Tenev and Bhatt moved quickly, reaching out to investors with the kind of ask rarely requested by a revenue-generating unicorn: send us as much money as you can. To expedite the process, Robinhood offered attractive terms with preferential clauses for those that acted first. The first class of investors capitalized a convertible note that offered a 30% discount to the IPO price, with an additional 15% in warrants.
Backers sprang into action. Ribbit, Sequoia, a16z, Index and others sank $3.4 billion into the business over the coming days. By the following Monday, Robinhood had received more money than it needed and those who dallied saw their funds either rejected, or put into a deal with a higher cap and no warrants attached.
That financing staved off a complete shutdown, but Robinhood had not escaped unscathed. Like many other trading platforms including Webull, Public, and M1, Robinhood halted trading on more than a dozen names, including GME. Though other players struggled with the same strictures, Robinhood’s cryptic messaging fed rumors that the company was in collusion with the traditional capital class. Many remarked on Robinhood’s relationship with Citadel Securities, given that the market maker is a major source of revenue.
Before Tenev had the chance to wrestle back the narrative (something he would fail to do repeatedly, demonstrating remarkable hamfistedness), the backlash had begun.
Portnoy’s complaint arrived early, with Barstool’s liver-cheeked CEO proclaiming “Robinhood is dead.” Others soon joined in: Ocasio-Cortez was furious, WSB was apoplectic, Twitter raged and burned. SPAC-smith extraordinaire, Chamath Palihapitiya referred to Robinhood as “corporatist scumbags” (whilst apparently forgetting his brief, lucrative stint torpedoing our collective neurochemistry).
Of course, customers had every right to be angry. While users could sell their shares in businesses like GME, buying had been shut off.

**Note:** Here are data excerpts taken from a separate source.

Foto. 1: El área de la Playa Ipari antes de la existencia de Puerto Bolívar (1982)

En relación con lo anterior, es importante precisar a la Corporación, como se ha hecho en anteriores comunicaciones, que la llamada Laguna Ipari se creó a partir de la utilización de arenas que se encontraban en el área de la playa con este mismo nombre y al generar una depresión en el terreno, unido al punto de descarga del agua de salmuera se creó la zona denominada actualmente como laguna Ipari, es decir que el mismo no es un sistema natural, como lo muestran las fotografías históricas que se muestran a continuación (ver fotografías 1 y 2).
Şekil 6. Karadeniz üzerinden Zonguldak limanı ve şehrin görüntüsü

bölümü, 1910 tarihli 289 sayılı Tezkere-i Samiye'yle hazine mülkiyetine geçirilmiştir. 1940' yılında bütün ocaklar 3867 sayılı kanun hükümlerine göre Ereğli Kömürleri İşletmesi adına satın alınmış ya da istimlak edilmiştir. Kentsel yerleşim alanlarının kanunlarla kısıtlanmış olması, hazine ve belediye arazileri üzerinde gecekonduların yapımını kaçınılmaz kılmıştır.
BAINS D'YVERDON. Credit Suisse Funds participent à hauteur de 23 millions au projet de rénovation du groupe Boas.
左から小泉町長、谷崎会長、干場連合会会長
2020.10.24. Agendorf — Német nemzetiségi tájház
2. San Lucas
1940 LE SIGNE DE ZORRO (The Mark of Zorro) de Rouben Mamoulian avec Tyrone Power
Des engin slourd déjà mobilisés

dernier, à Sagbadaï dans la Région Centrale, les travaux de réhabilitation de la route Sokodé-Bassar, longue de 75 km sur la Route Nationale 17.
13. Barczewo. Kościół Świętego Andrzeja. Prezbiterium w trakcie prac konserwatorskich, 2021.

Customers and commentators were not the only ones to take issue with Robinhood. In mid-February, Tenev, Ken Griffin of Citadel Securities, Gabriel Plotkin of Melvin Capital, Steve Huffman of Reddit, Jennifer Schulp of the Cato Institute and Keith Gill testified before Congress. Though Tenev argued that the trading restrictions were put into place to meet the increased regulatory demands (aka: the billions of dollars in capital), lawmakers didn’t seem entirely convinced.

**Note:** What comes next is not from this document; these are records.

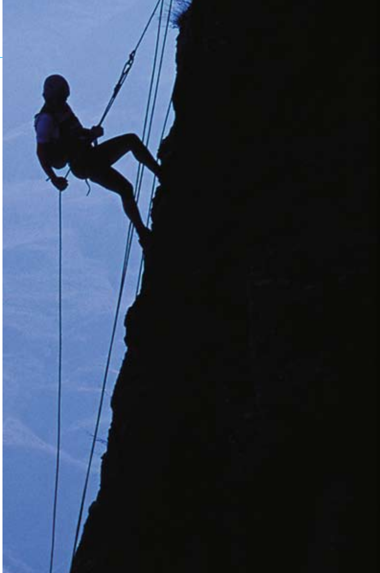
Exempel på grenar som kan ingå i multisport (Adventure Racing).

cykelbelastning. När arbetet fortskred fortsatte VO_2 på den relativt lätta belastningen att stiga, totalt med uppåt 15 %, medan HF sjönk! (Mattsson och medarbetare, submitted manuscript ) Således steg syrepulsen under hela loppet, och kroppen tog alltså upp mer syre per hjärtslag i slutet av arbetet,
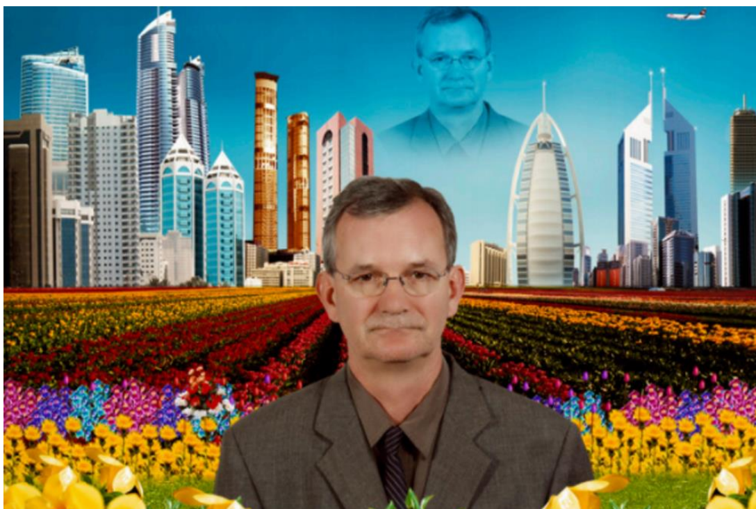
Autoportrait, Dubai, United Arab Emirate, 2007.
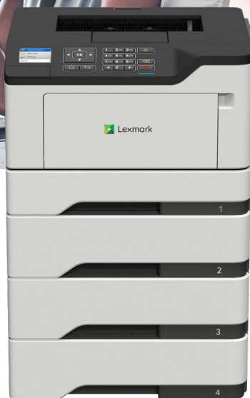
B2546dw z dodatnimi pladnji
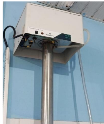
Figura 07- Destilador

É importante observar que durante as atividades didáticas no laboratório todo cuidado e a atenção são necessários, uma vez que é proibido qualquer tipo de alimento no interior do laboratório e uso de roupas inadequadas como short, saias, pois deixam a parte inferior do corpo desprotegidos. O mais adequado é o uso de calça jeans e uso de sapatos fechados, sendo o mais comum o uso de tênis por parte dos alunos.
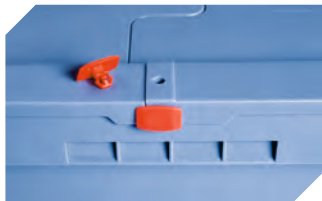
Plomben MBP2 - für BITOBOX MB 6-15705
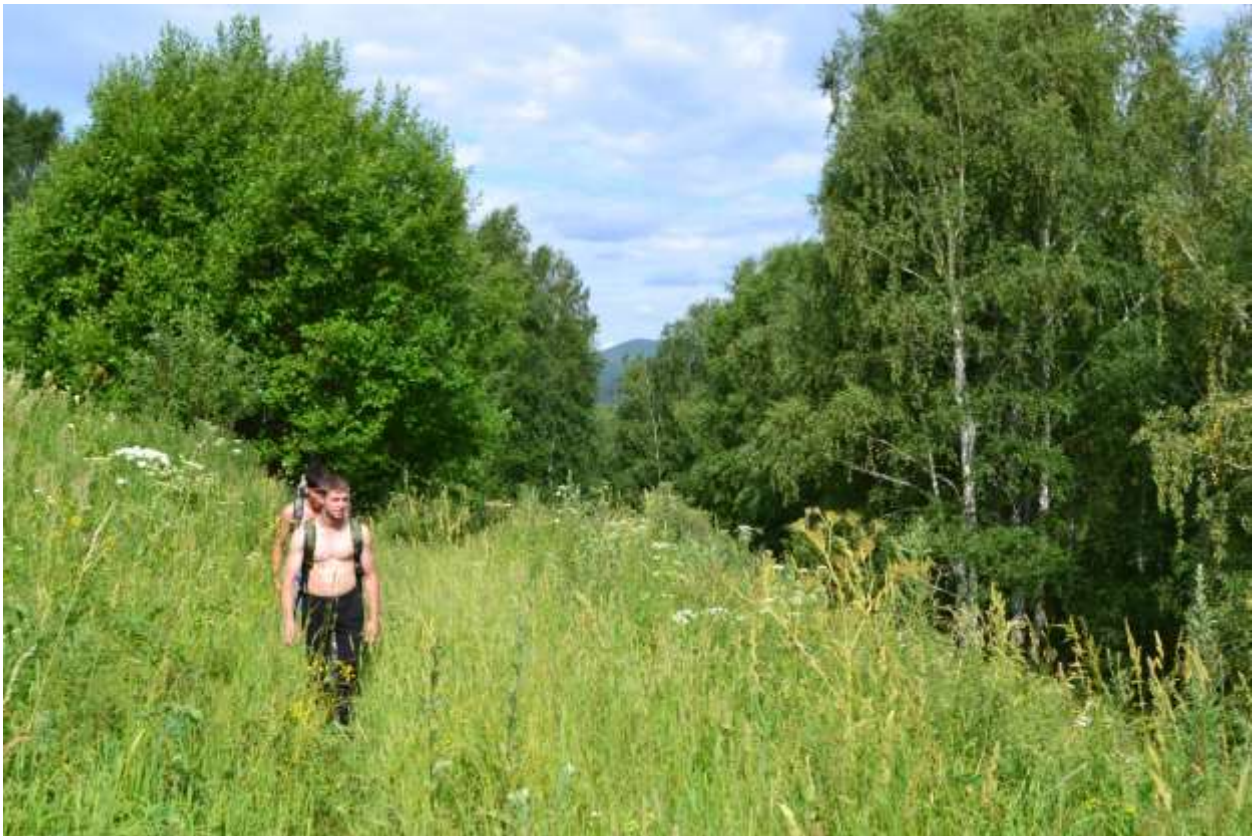
Дорога на «Стожок»

Расположена на левом берегу реки Чарыш, в 15 км от села Красный Партизан. Стожок – это каменный останец высотой около 20 м, по форме напоминающий стог сена. Под Стожком находится тихая глубокая заводь реки Чарыш с песчаным берегом, удобная для причала и купания. С другой стороны останца – большая поляна, рядом с останцем есть автомобильная дорога. До Стожка от базы Голубой утес можно добраться пешком, правда придется пройти достаточно серьезное расстояние -14 км. в одну сторону по довольно таки пересеченной местности.
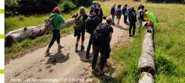
Wandern auf dem ehemaligen TrÜP
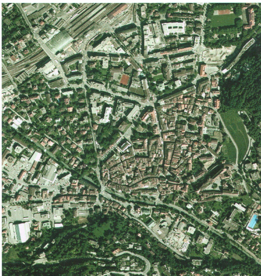
Abb. 1: Luftbild Chur.

Die noch intensivere Nutzung des Bodens, so z.B. für eine unmittelbare wirtschaftliche Nutzung, entspricht dem Sondernutzen. Dieser verlangt somit eine höhere Abgeltung. Beim sinngemässen Datenangebot könnten damit z.B. Einwohnerzahlen und deren Altersstruktur, verteilt im Hektarraster über das Siedlungsgebiet, vergleichbar sein. Neben den Aufwen-
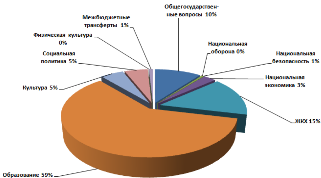
Рисунок 4 – Структура расходов бюджета Калманского района в 2020 году по видам разделов бюджета
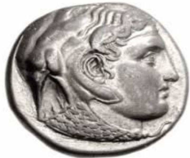
Портреты Александра Великого на монетах, выпущенные после его смерти
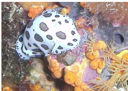
Animal – Mollusque – Doris dalmatien

Whatever one’s position on Robinhood’s handling of the situation — and surely even Tenev himself would agree there is room for improvement — the company seems to have emerged better for the experience. The S-1 notes an increased investment in customer service, as well as hardier infrastructure designed to handle 30x the volume of 2020, and 3x the “highest load we’ve seen in the past.”
The saga isn’t over, of course. Though Robinhood did receive a $70 million FINRA penalty for unrelated outages in March 2020, and a $65 million fine for failing to disclose earning revenue via Payment for Order Flow, no such fines have been levied against the business for the GME debacle. Whatever Robinhood incurs, it will do so as a public company.
Market: The market of markets
Robinhood is the rare company that is not only capitalizing on large, existing markets, but expanding them through its activities.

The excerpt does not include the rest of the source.